IEEE J Biomed Health Inform. 2020 Aug;24(8):2378-2388. doi: 10.1109/JBHI.2020.2980262. Epub 2020 Mar 12.
The medical and machine learning communities are relying on the promise of artificial intelligence (AI) to transform medicine through enabling more accurate decisions and personalized treatment. However, progress is slow. Legal and ethical issues around unconsented patient data and privacy is one of the limiting factors in data sharing, resulting in a significant barrier in accessing routinely collected electronic health records (EHR) by the machine learning community. We propose a novel framework for generating synthetic data that closely approximates the joint distribution of variables in an original EHR dataset, providing a readily accessible, legally and ethically appropriate solution to support more open data sharing, enabling the development of AI solutions. In order to address issues around lack of clarity in defining sufficient anonymization, we created a quantifiable, mathematical definition for "identifiability". We used a conditional generative adversarial networks (GAN) framework to generate synthetic data while minimize patient identifiability that is defined based on the probability of re-identification given the combination of all data on any individual patient. We compared models fitted to our synthetically generated data to those fitted to the real data across four independent datasets to evaluate similarity in model performance, while assessing the extent to which original observations can be identified from the synthetic data. Our model, ADS-GAN, consistently outperformed state-of-the-art methods, and demonstrated reliability in the joint distributions. We propose that this method could be used to develop datasets that can be made publicly available while considerably lowering the risk of breaching patient confidentiality.

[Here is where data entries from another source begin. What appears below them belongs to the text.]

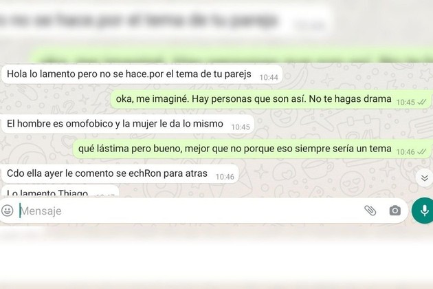 En la citada captura de pantalla se ve que la persona allegada a Leis le señaló: "Lo lamento, pero no se hace por el tema de tu pareja. El hombre es homofóbico y a la mujer le da lo mismo; cuando ella le comentó, se echaron para atrás".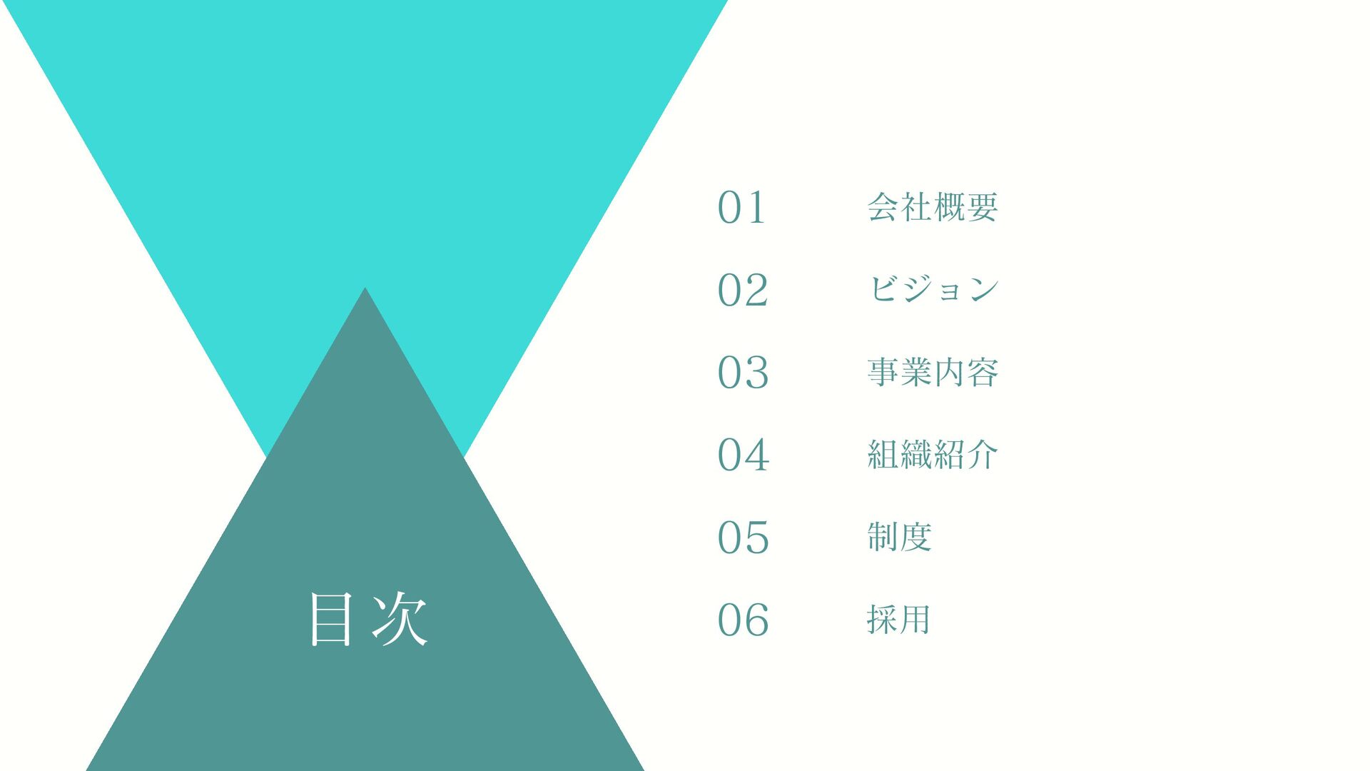 目次 01 会社概要 ビジョン 02 事業内容 03 組織紹介 04 制度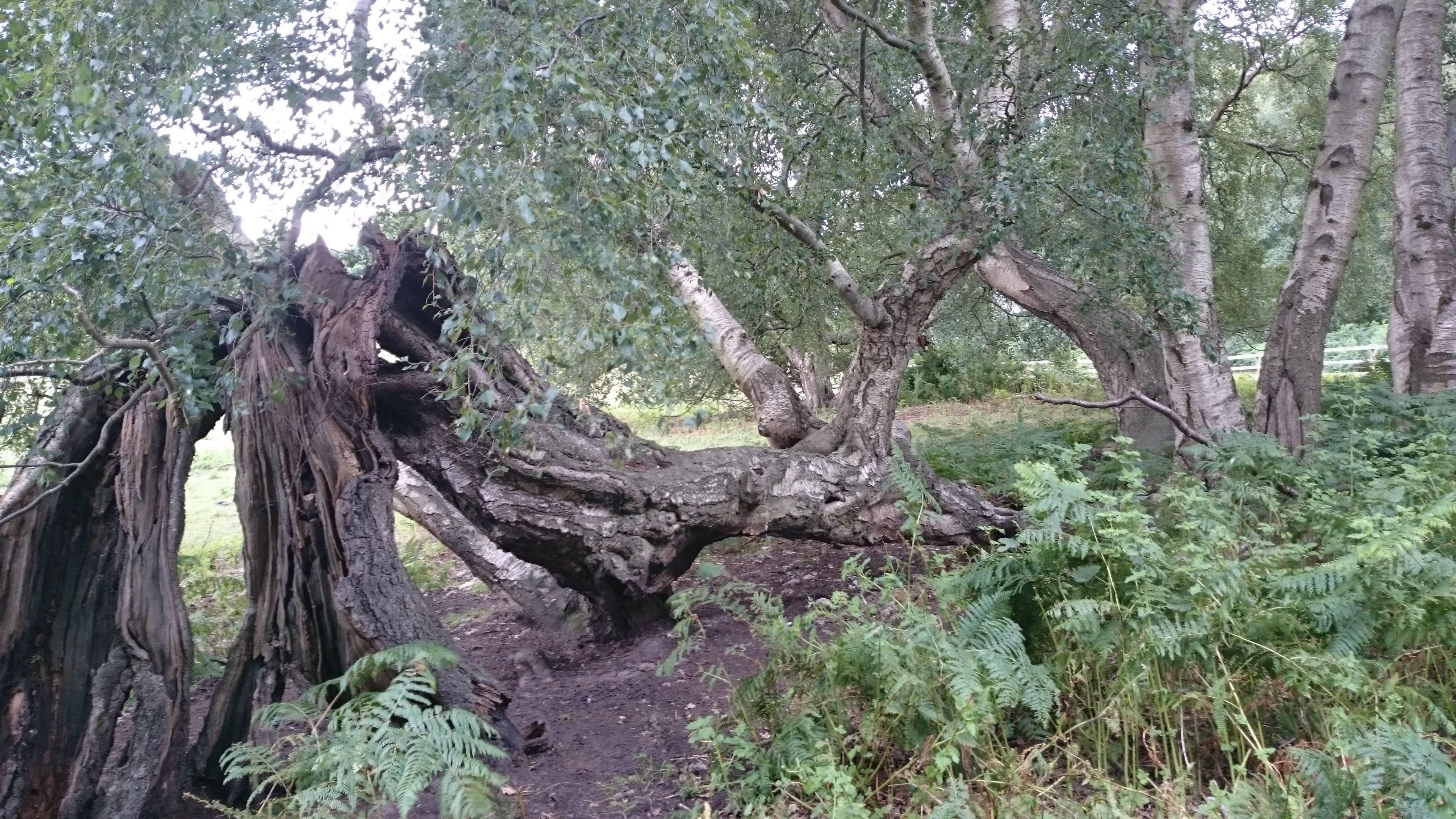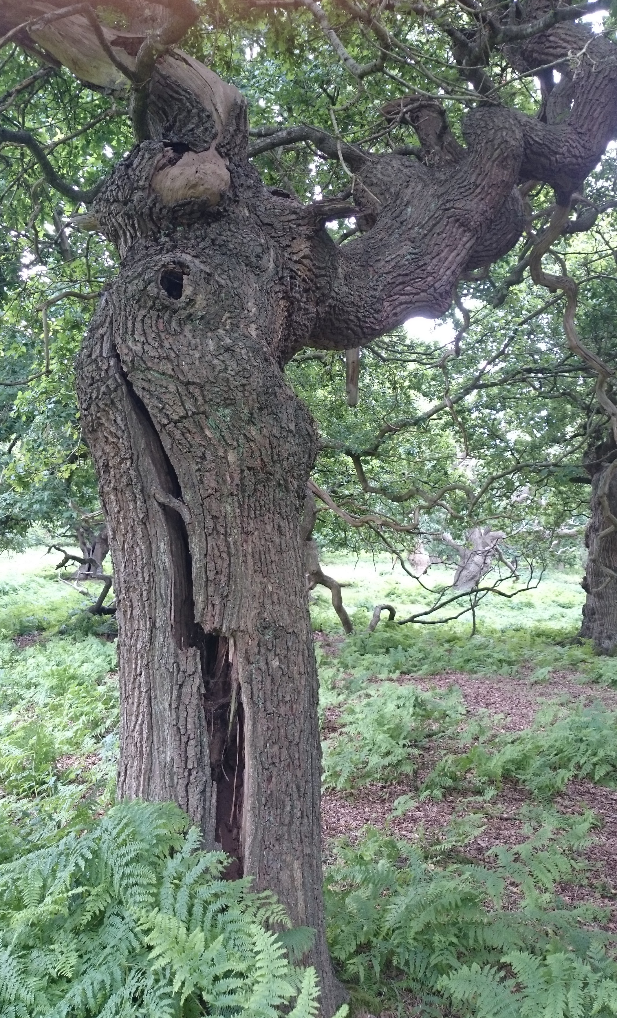 On Thursday, I went down to the Woodland Trust’s Pound Farm in Suffolk to attend an informative day on Chalara fraxinea, or ash dieback, courtesy of MTOA. We were shown the various different stages of the disease on trees at different stages of their life cycle and of different levels of severity of infection. We even came across the fruiting bodies of Hymenoscyphus fraxineus, the fungus responsible for the disease. I did not take pictures as they are widely available. However, I did take pictures at Staveton as the trees there, none ash, were interesting veteran and ancient trees. First pic is a phoenix birch, or a birch which has failed and yet continued growing. In this case, apparently, it started off growing out of an oak (though probably already dead) and when the oak decomposed, after having sent down aerial roots, fell to the ground and continued growing by sending out some of its branches vertically(now the trees to the right).Phoenix Birch Next we have an oak that has cracked due to torsional loads in a rather interesting way.Torsional damage of an oakThen we have an oak that has grown in a peculiar way after possibly having lost its leader early on:peculiarly growing oakAnd finally a pollared oak (most oak here were pollarded):pollarded oakA very nice and informative day out with other arboriculturists.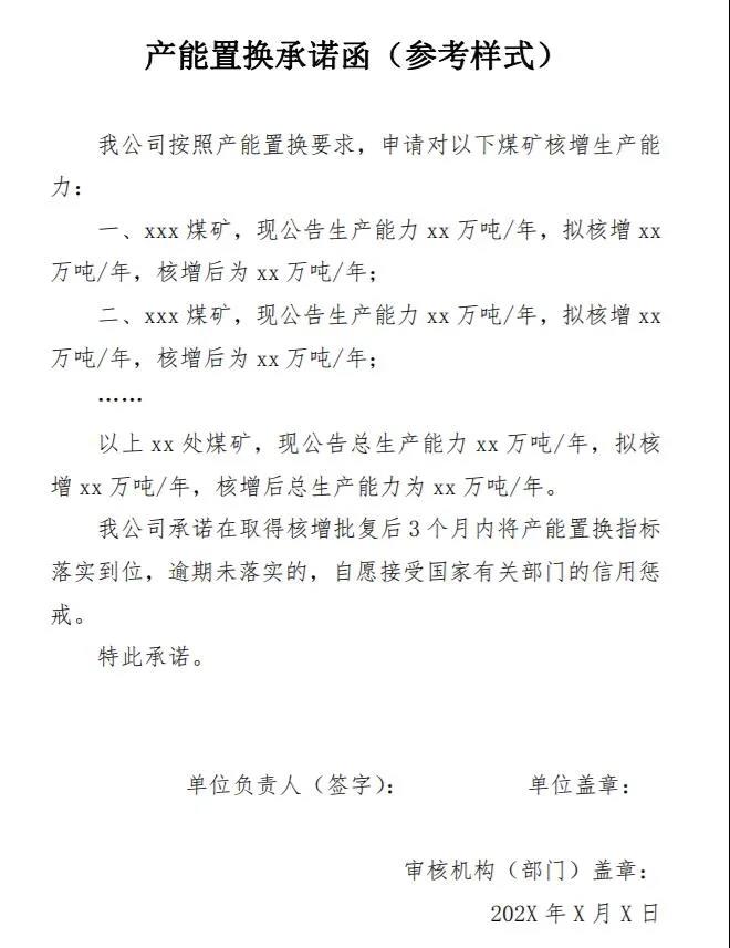 为扎实做好迎峰度夏度冬煤炭保供工作,推动优质先进产能加快释放,保证煤炭稳定供应,现就实行核增产能置换承诺有关事宜通知如下: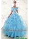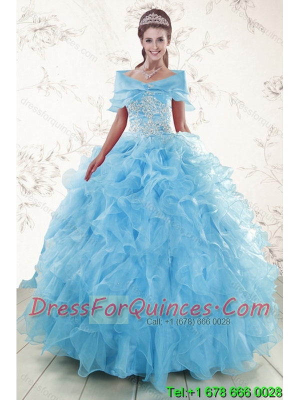 2015 Elegant Baby Blue Quince Dresses with Appliques and Ruffles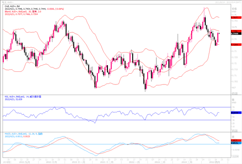周三(4月20日)澳大利亚储备银行,通过其4月的会议纪要,发出了一个鹰派的信息,并提供了一个强有力的暗示,加息将比预期更快。澳大利亚央行说,通货膨胀的加速和工资增长的加快使得2010年以来首次加息的可能时间提前。这反过来又对澳元起到了推波助澜的作用,加上美元的全面疲软,帮助澳元/美元在周三获得了强劲的正面动能。但是在预期美联储会更积极收紧政策的情况下,多头能否延续涨势仍有待观察。日图显示,澳元兑美元在关键支持0.7350附近企稳,该支持既位于2021年初以来下行趋势线(已经被上破,现充当支持),也位于今年1月份以来上行趋势线附近。所以澳元兑美元自0.7350开始的反弹可能是0.7661以来这波回落走势结束的标志,汇价可能恢复1月份以来上行趋势。若符合预期,澳元兑美元继续上行初步阻力关注20日均线0.7470,进一步往上再次关注0.7550-0.7600区域阻力。而若回落,初步支持在0.7400,往下再次关注0.7350附近支持。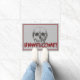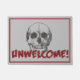 Faites attention aux invités indésirables ou amusez-vous cet Halloween avec ce tapis de porte éffrayant. Comprend un crâne vintage noir avec les mots "indésirable" dans la typographie rouge sang ghoulish sur un arrière - plan gris clair, entouré d'une bordure rouge foncé.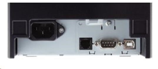Tiskárna v černém provedení má kompaktní design, je opatřena USB/sériovým portem, interním zdrojem a tichou a rychlou řezačkou papíru.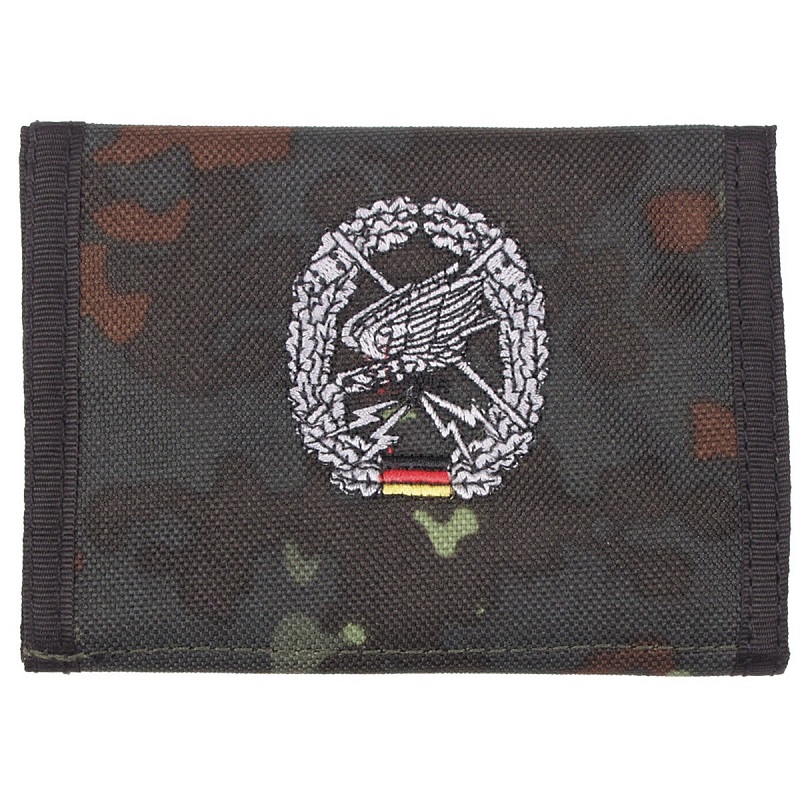 BW peněženka s maskáčovým vzorem Flecktarn a vyšitým znakem příslušného armádního útvaru německého Bundeswehr - Fernspäher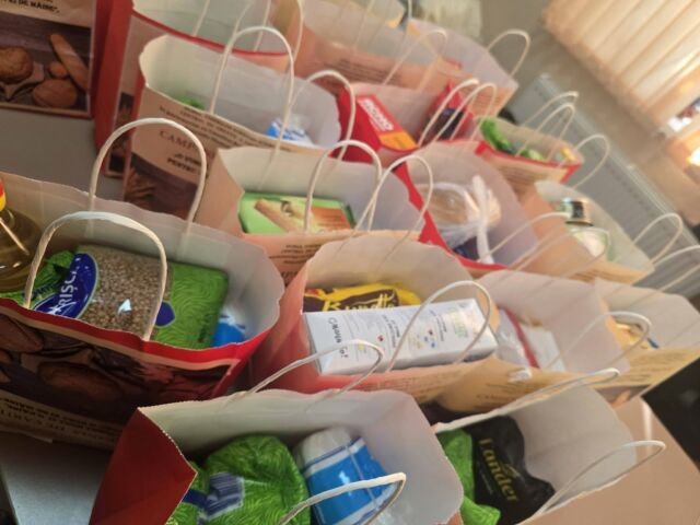 După ce donațiile au fost colectate, Tinerii au pregătit pungile, decorându-le cu grijă cu logoul campaniei, pentru a lăsa o amintire frumoasă în casele beneficiarilor despre acest act de generozitate și solidaritate.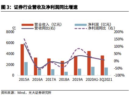 证券行业业绩持续向好。根据中国证券业协会行业数据,2021年前三季度140家证券公司总资产10.3万亿元,实现营业收入3663.6亿元,同比增长7%;实现净利润1439.79亿元,同比增长8.51%。前三季度共有124家证券公司实现盈利,占比89%。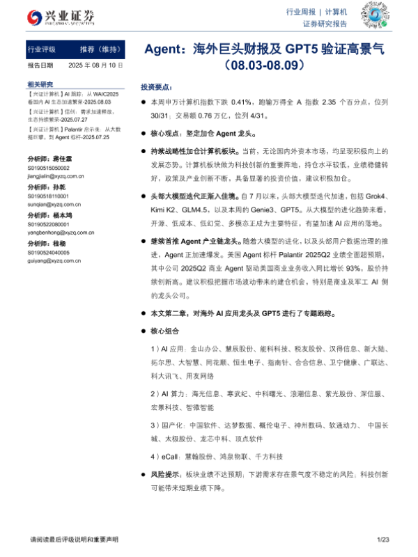 【兴业证券】【20250810】Agent:海外巨头财报及GPT5验证高景气-23页

医疗和机器学习社区都依赖人工智能 (AI) 的承诺,通过实现更准确的决策和个性化治疗来改变医学。然而,进展缓慢。未经同意的患者数据和隐私的法律和伦理问题是数据共享的限制因素之一,这导致机器学习社区在访问常规收集的电子健康记录 (EHR) 方面存在重大障碍。我们提出了一种生成合成数据的新框架,该框架可以很好地逼近原始 EHR 数据集的变量联合分布,为支持更开放的数据共享提供了一种易于访问、合法且合乎道德的解决方案,从而能够开发 AI 解决方案。为了解决在定义充分匿名化方面缺乏明确性的问题,我们创建了一个可量化的、数学定义的“可识别性”。我们使用条件生成对抗网络 (GAN) 框架来生成合成数据,同时最大限度地降低基于给定任何单个患者的所有数据组合的重新识别概率来定义的患者可识别性。我们将针对我们的合成生成数据拟合的模型与针对四个独立数据集的真实数据拟合的模型进行比较,以评估模型性能的相似性,同时评估从合成数据中识别原始观测值的程度。我们的模型 ADS-GAN 始终优于最先进的方法,并在联合分布中表现出可靠性。我们建议可以使用这种方法来开发可以公开提供的数据集,同时大大降低违反患者隐私的风险。